> _EXTRACTED MATERIAL_:
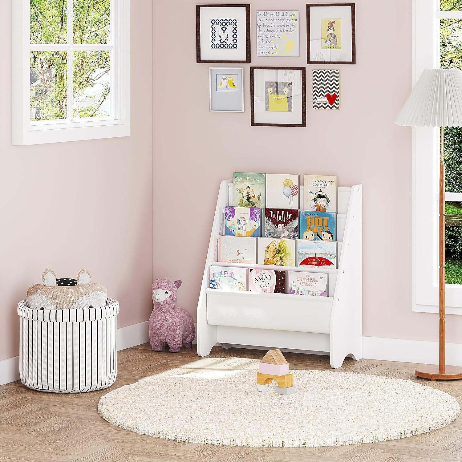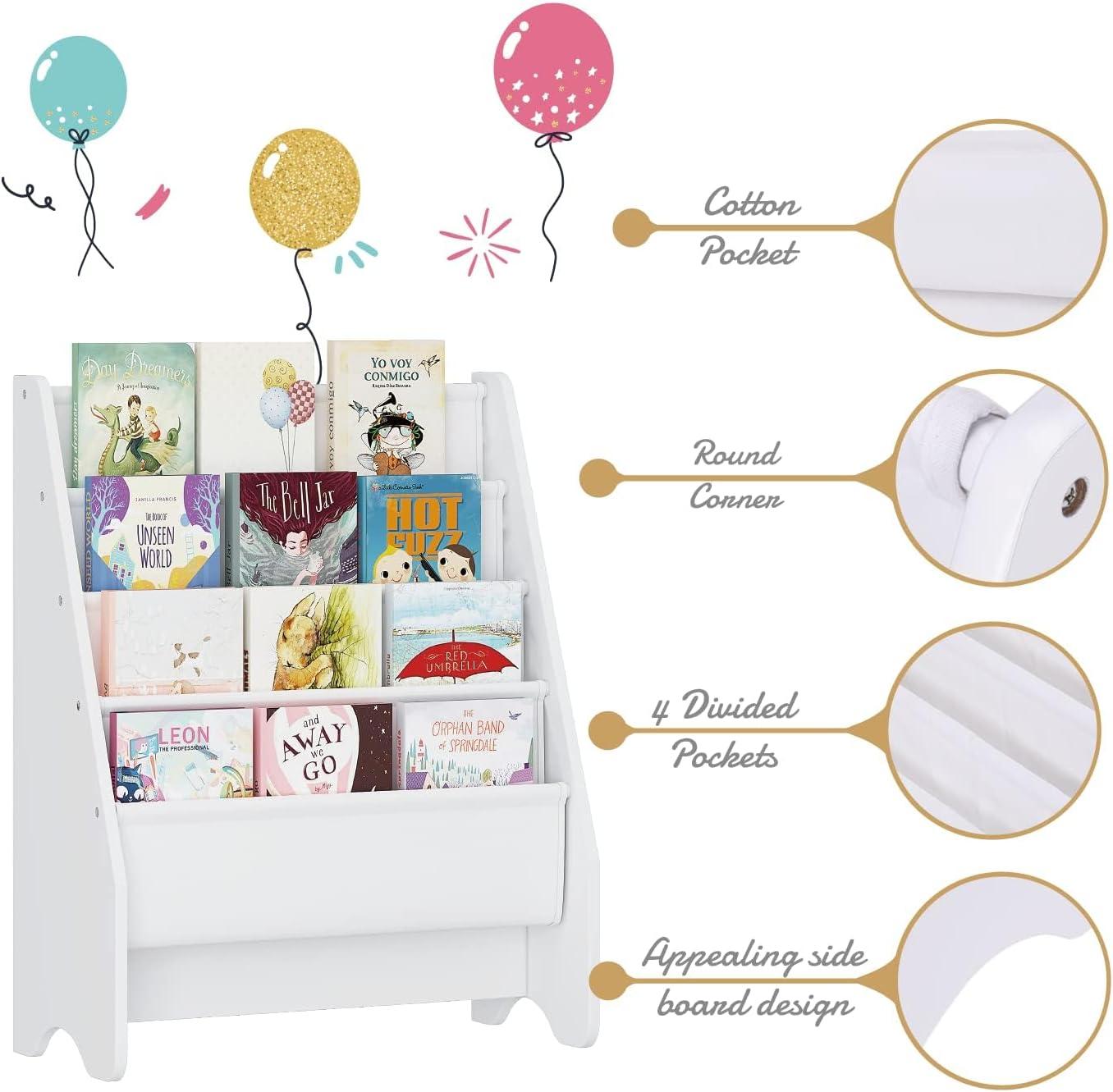 UTEX Kids Bookshelf Storage, Book Shelf for Kids Rooms, 4 Tier Sling Toddler Bookshelf, Magazine Book Rack, Children Book Organizer, White(White)
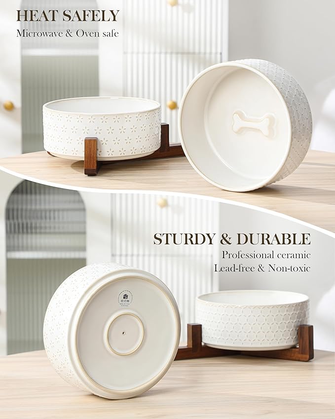 - š¦“ćELEGANT DESIGNćFeaturing embossed Five-leaf Grass and Honeycomb patterns, paired with a stylish walnut wood stand for elevated dining. These ceramic dog bowls combines classic and modern styles to enhance its visual appeal. The cleverly designed dog bone-shaped decoration at the bottom adds both beauty and fun.
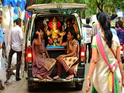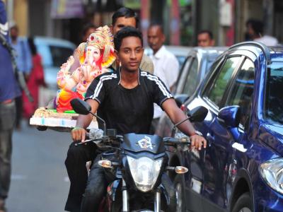 लाडक्या बाप्पांना घरी घेऊन जाताना तरुणी (फोटो - स्वप्निल साखरे)
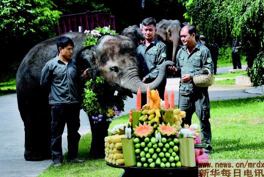 8月12日,西双版纳傣族自治州野象谷景区的“象爸爸”为救助象“羊妞”庆祝4周岁生日。均为新华社记者杨宗友摄
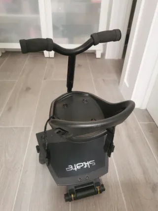 Plataforma y asiento para patinete marca Skate de Be Cool. Se encuentra en buen estado. Un niño puede ir sentado y otro de pie. Funciona perfectamente. Trae los dos tipos de agarres para adaptarse a cualquier carrito de bebé o silla de paseo. - Plataforma con diseño. - Asiento integrado. - Color negro.
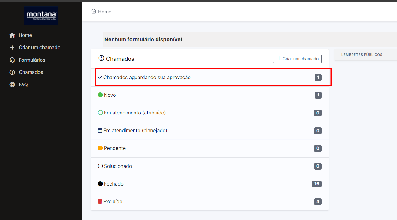 Na página inicial do GLPI, podemos visualizar que nos chamados temos todos os chamados que estão aguardando sua aprovação:
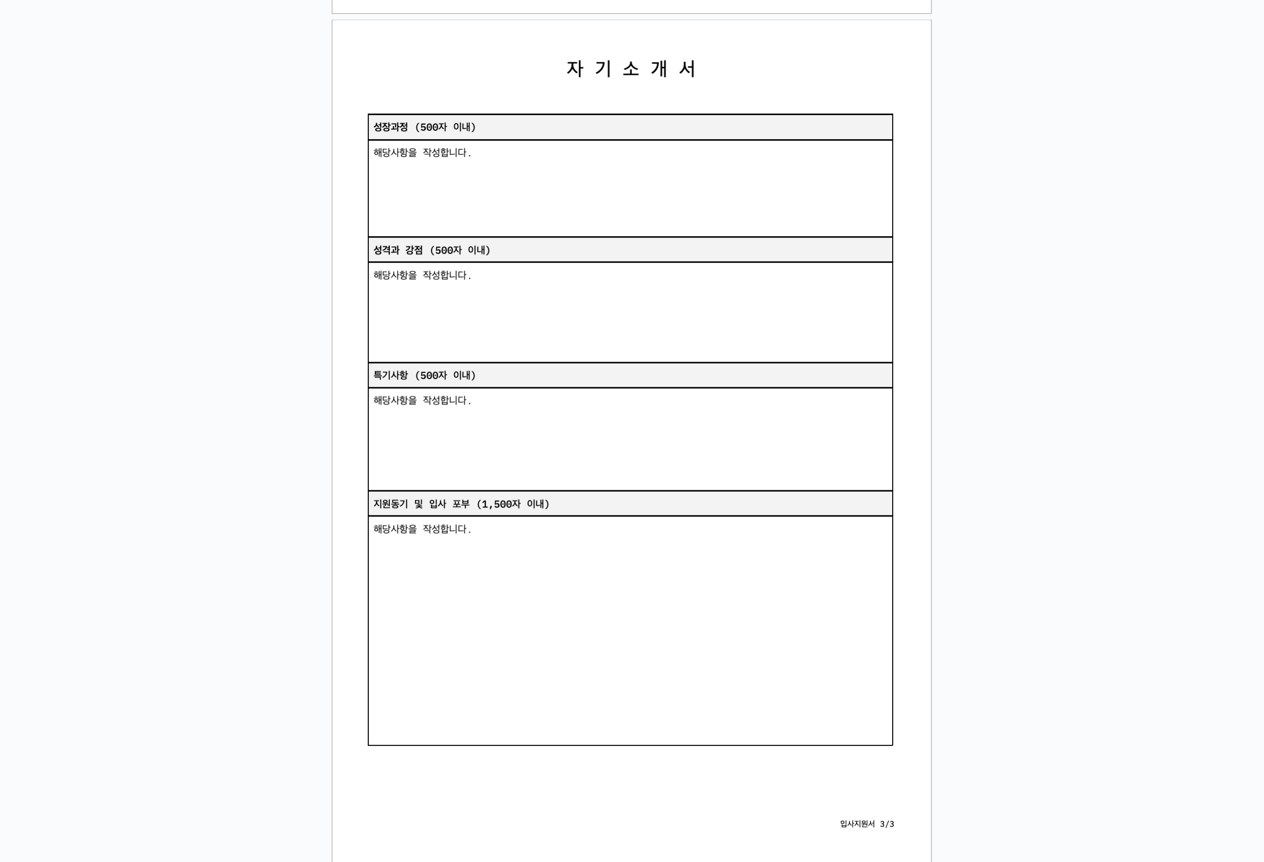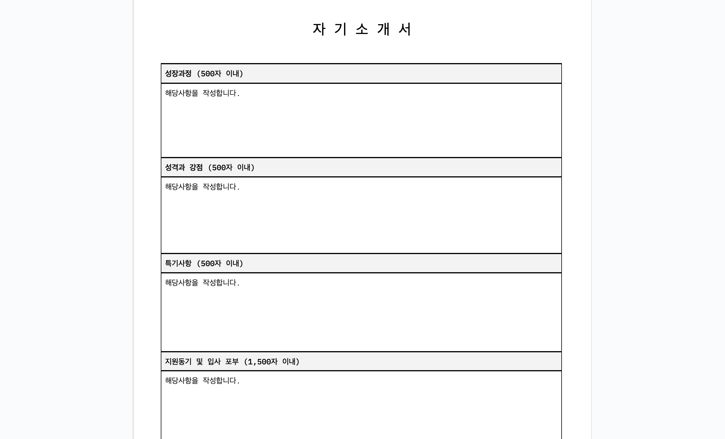 [무료템플릿] 국문 입사지원서 (이력서+자소서) 템플릿
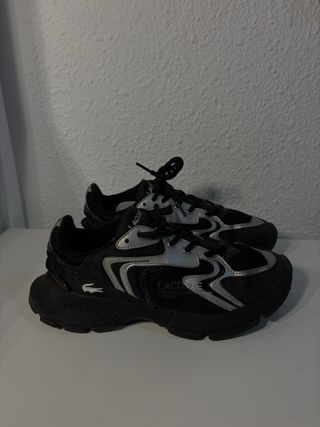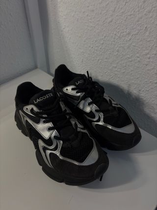 Zapatillas deportivas Lacoste con un diseño moderno y detalles llamativos. - Combinación de colores negro y plateado. - Materiales textiles y sintéticos.
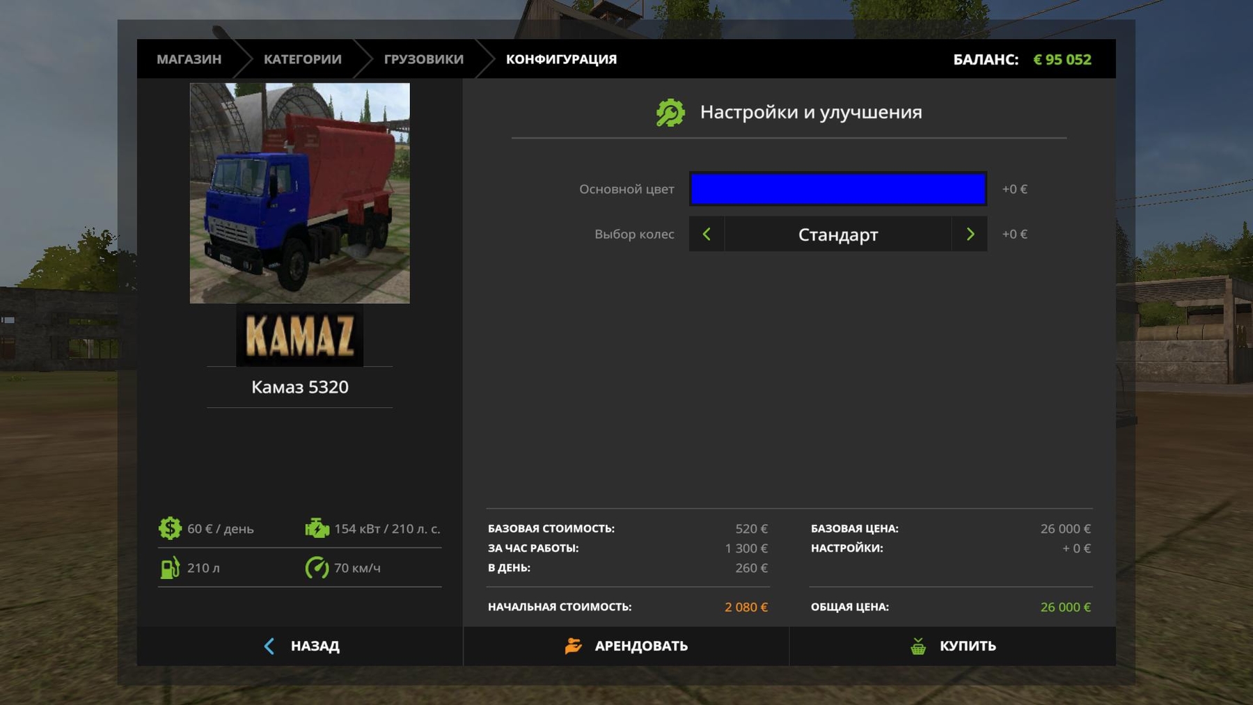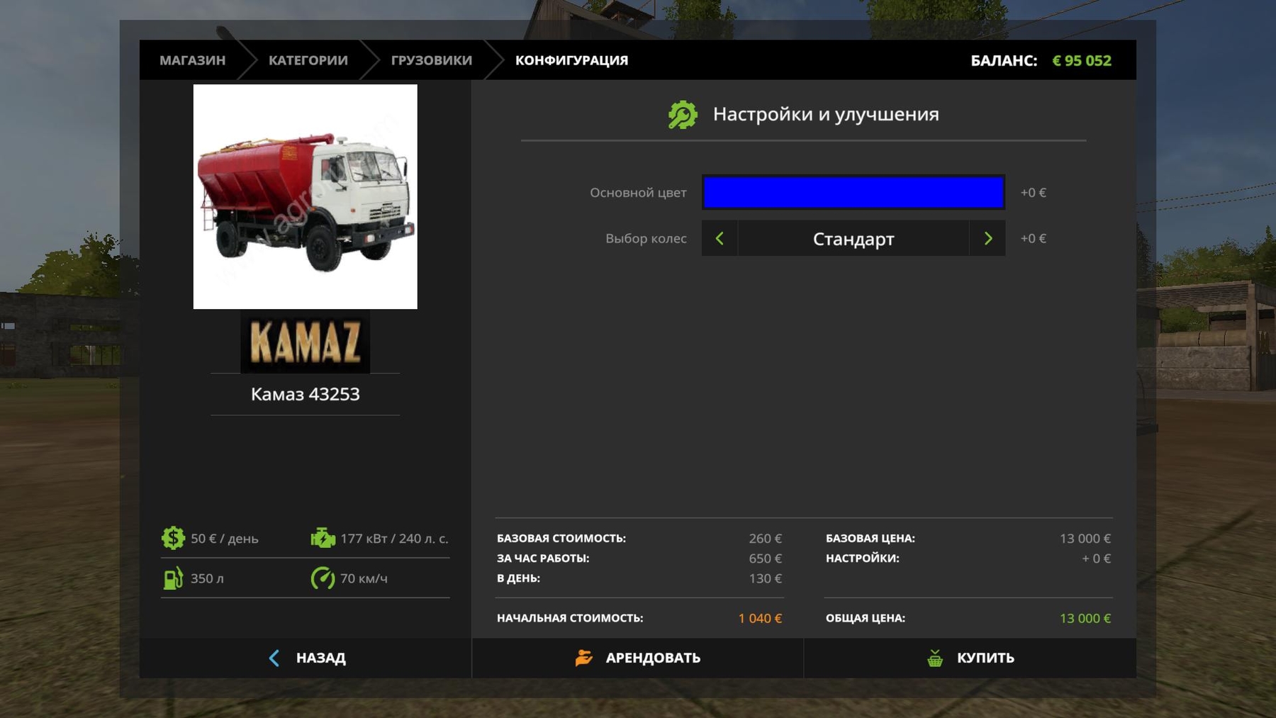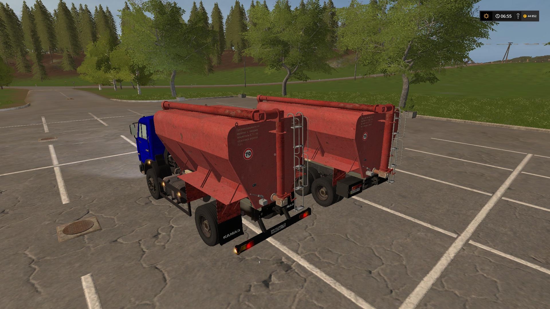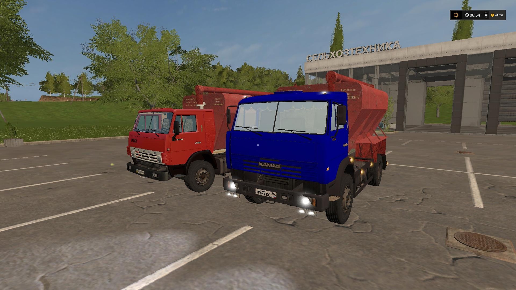 KamAZ 43253/5320 (7500 liters Max power - 240 hp Maximum speed - 70 km / h. Speedometer, tachometer, fuel gauge, water, oil, battery, mirrors, color choice, mud flaps animation); KAMAZ-5320 (8000 liters Max power 210 HP Max speed 70 km / h. The doors, speedometer, tachometer, fuel gauge, water, oil, battery, headlight and turn signal indicators, mirrors, color selection); SZAP-8357 (10500 liters). They transport seeds and fertilizers. Open hatches, lights, trailed, traces, dust. Wash them. Test for version 1.5.1. Credits: DjafDED |
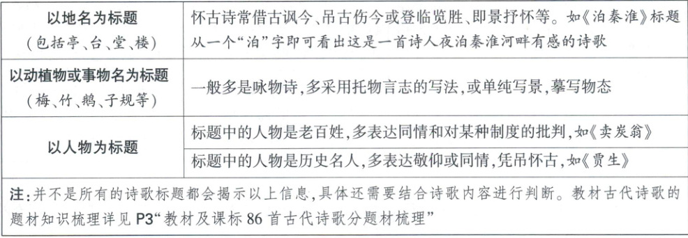 注:并不是所有的诗歌标题都会揭示以上信息,具体还需要结合诗歌内容进行判断。教材古代诗歌的题材知识梳理详见P3“教材及课标86首古代诗歌分题材梳理”
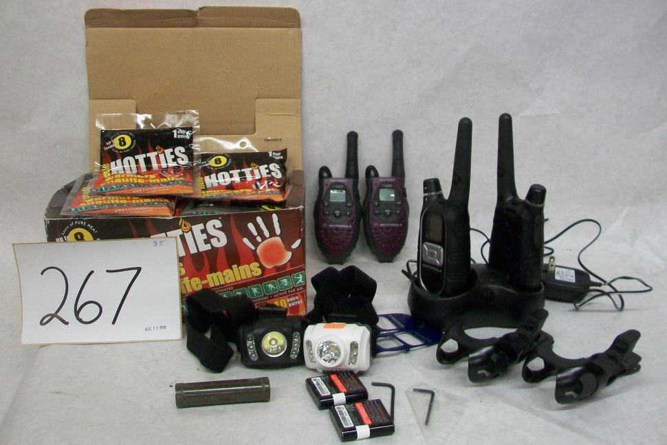 33 HANDWARMERS IN 2 PACKS, 2 MOTOROLA TALKABOUT RADIOS, 2 MOTOROLA RECHARGEBABLE 2 WAY RADIOS WITH CHARGING STAND AND HOLSTERS, 2 HEADLIGHTS AND SOME FACE CAMO.

> _YOUR GOAL_: Transcribe, from the records above, the first line and every line after it up to and including the line with "8月12日,西双版纳傣族自治"; omit pictures.

> _FINISHED TASK_:
 UTEX Kids Bookshelf Storage, Book Shelf for Kids Rooms, 4 Tier Sling Toddler Bookshelf, Magazine Book Rack, Children Book Organizer, White(White)
 - š¦“ćELEGANT DESIGNćFeaturing embossed Five-leaf Grass and Honeycomb patterns, paired with a stylish walnut wood stand for elevated dining. These ceramic dog bowls combines classic and modern styles to enhance its visual appeal. The cleverly designed dog bone-shaped decoration at the bottom adds both beauty and fun.
 लाडक्या बाप्पांना घरी घेऊन जाताना तरुणी (फोटो - स्वप्निल साखरे)
 8月12日,西双版纳傣族自治州野象谷景区的“象爸爸”为救助象“羊妞”庆祝4周岁生日。均为新华社记者杨宗友摄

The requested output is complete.